The subsidy fund would be used to provide up to two liters of cooking oil on lower-than-market prices to the households every month, the Trade Ministry said.
It is planned to come into effect by September.
""The concept of the subsidized cooking oil will be similar to that of subsidized rice for poor households,"" the trade ministry's Director General for Domestic Trade Ardiansyah Parman told detik.com Wednesday.
The planned cooking oil subsidy was proposed in a meeting late Tuesday with Coordinating Minister for the Economy and the State Logistics Agency (Bulog) to improve the distribution of cooking oil, Ardiansyah said.
It was suggested Bulog would distribute the subsidized cooking oil, along with the subsidized rice, which it already manages.
Ardiansyah said the price of the subsidized cooking oil may be around Rp 3,000 per liter, which was affordable for poor households.
He said the subsidized cooking oil should be distributed by next month, in time for the Islamic fasting month of Ramadhan when food prices usually pick up.
Trade Minister Mari E. Pangestu said the prices of staple food may rise by 5 to 10 percent, because demand usually increased by 10 to 20 percent during the fasting month and the Idul Fitri holidays, which marks the end of Ramadhan.
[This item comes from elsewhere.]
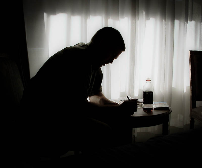 On an impulse he went into the bathroom and closed the door. Fished a new razor and scissors from his toiletries kit, which hung from the towel bar. Quickly, before he could wonder what he was doing or why, he started cutting chunks of hair from his face. He didn’t look in the mirror yet, but ran some water and splashed it on his face. He grasped the razor and pulled it against the remaining stubble on his cheek; he’d performed this act many times but the pain always surprised him – the first shave removing a beard was the worst.

The market price of cooking oil itself has continued to creep up, reaching Rp 9,000 a liter -- higher than the government's expected stable price of between Rp 7,000 and Rp 8,500.
The price increase was suspected to be the result of a recently growing global demand for crude palm oil (CPO), of which cooking oil is derived from.
CPO is also used for the production of soap and detergents, as well as biofuels.
With Indonesia being a major exporter of CPO, and rising demands for the commodity pushing up its prices to US$700 a ton, local producers may lean toward export markets, rather than supplying the domestic market.
Suspected hoarding and poor distribution has only worsened the situation for cooking oil prices.
The government had in June increased the export tax for CPO to between 6.5 percent and 10 percent, as part of efforts to ensure more domestic supply.